There has been no shortage of hip-hop star birth narratives hitting screens in recent years, but like hip-hop itself for most of its history, there hasn't always been much room for stories. women. Tracing a teenage girl's complicated ascent through the battle rap circuit to the even more complicated heights of viral stardom, Sanaa Lathan's "On the Come Up" provides a welcome exception to this rule, but luckily it has a lot more to it. your favor than just that. As frank and tough as it is warm and sweet, "On the Come Up" is a hugely promising debut from the actor-turned-director.
Sixteen-year-old Bri (Jamila C. Gray) is already a talented rapper when we first meet her in her fictional Garden Heights neighborhood, and she's already been through a lifetime of turmoil.
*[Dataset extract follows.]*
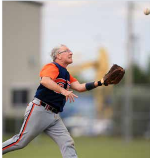
Cincinnati Colt .45's shortstop catches a Kent Mudhens infield pop fly.

When your games are over and you are leaving the dugout, please police it for trash and cups, etc. Your assistance in cleaning up the dugouts each day will be greatly appreciated.

Her father was a legendary local MC named Lawless, who was killed just as her career was starting to take off. She spent part of her childhood away from her mother (Lathan) as she battled drug addiction, and although she is now clean, her mother-daughter bond has yet to be fully repaired. And what's more, as part of the small contingent of black students at her school, she's forced to deal with unsympathetic administrators and suspicious campus police, one of whom knocks her to the ground after seeing her selling Skittles to a fellow student. of class.
Director: Sanaa Lathan
Writers: Zora Howard, Kay OyegunAngie Thomas
Stars: Sanaa Lathan, Da'Vine Joy Randolph, Method Man
However, there is nothing tragic or self-pitying about Bri, who has her own grand ambitions to worry about. She wants to follow in her father's footsteps under the rapper name Lil Law, and led by her boisterous, drug-dealing Aunt Pooh (a terrific Da'Vine Joy Randolph), she first sets her sights on the ruthless amateur scene from Garden Heights. After a few false starts, her rhymes catch the attention of her father's old manager, a now-rich businessman named Supreme (Cliff "Method Man" Smith), who recently landed a major record deal for another up-and-coming neighborhood (Lil Yachty, clearly having fun). Against Auntie Pooh's strong advice, Bri decides to listen to him.
Meanwhile, Bri navigates the remaining horrors of high school with Ella's childhood friend Malik, who is brutally honest about everything except that he clearly has a crush on her. And when her mother's precarious job situation starts racking up "final notice" utility bills, Bri's rap battle earnings make her the temporary breadwinner, introducing another uneasy dose of strain on her already tenuous relationship.
Adapted from the second novel by "The Hate U Give" author Angie Thomas, the script sometimes has a hard time keeping all of its various threads woven together: Bri's battles with her school district tend to fade from view for long stretches. , only to be surprised when they finish. they resurface strongly, but Lathan imbues the film with a certain looseness that gives these ebbs and flows the feel of real life. Subtle moments have room to breathe, characters can make mistakes without those mistakes defining their characters, and Lathan's emphasis on shades of gray within the film's larger conflicts helps lift the story above its limits. more formulated elements. As is so often the case in these kinds of narratives, Bri is ultimately forced to choose between careerism and artistic integrity, but even here the film is well-tuned to how fine the line can be between selling out and playing the game, and what it does. unpredictable the result may be. consequences of either decision can be.
But what really brings "On the Come Up" together is Bri, who always feels like a real-life character even as she defies these familiar narrative obstacles. She's not a super confident force of nature, nor a "who me?" wallflower. She is sometimes down to earth and wise beyond her years, other times she is naive and even thoughtless. In other words, she's definitely 16, and the movie is smart about the ways that precocious talent and age-appropriate immaturity can easily co-exist. Newcomer Gray does wonderfully in the role, keeping the character's prickly edges and underlying vulnerability in delicate balance at all times, as he approaches acting scenes like a pro.
The performance is inspired by everything from Cooper's shy, slack-jawed charm, to Method Man's surprisingly nuanced take on a music industry hustler: he may be cynical and unreliable, but he lets you see exactly where his cold comes from. calculation.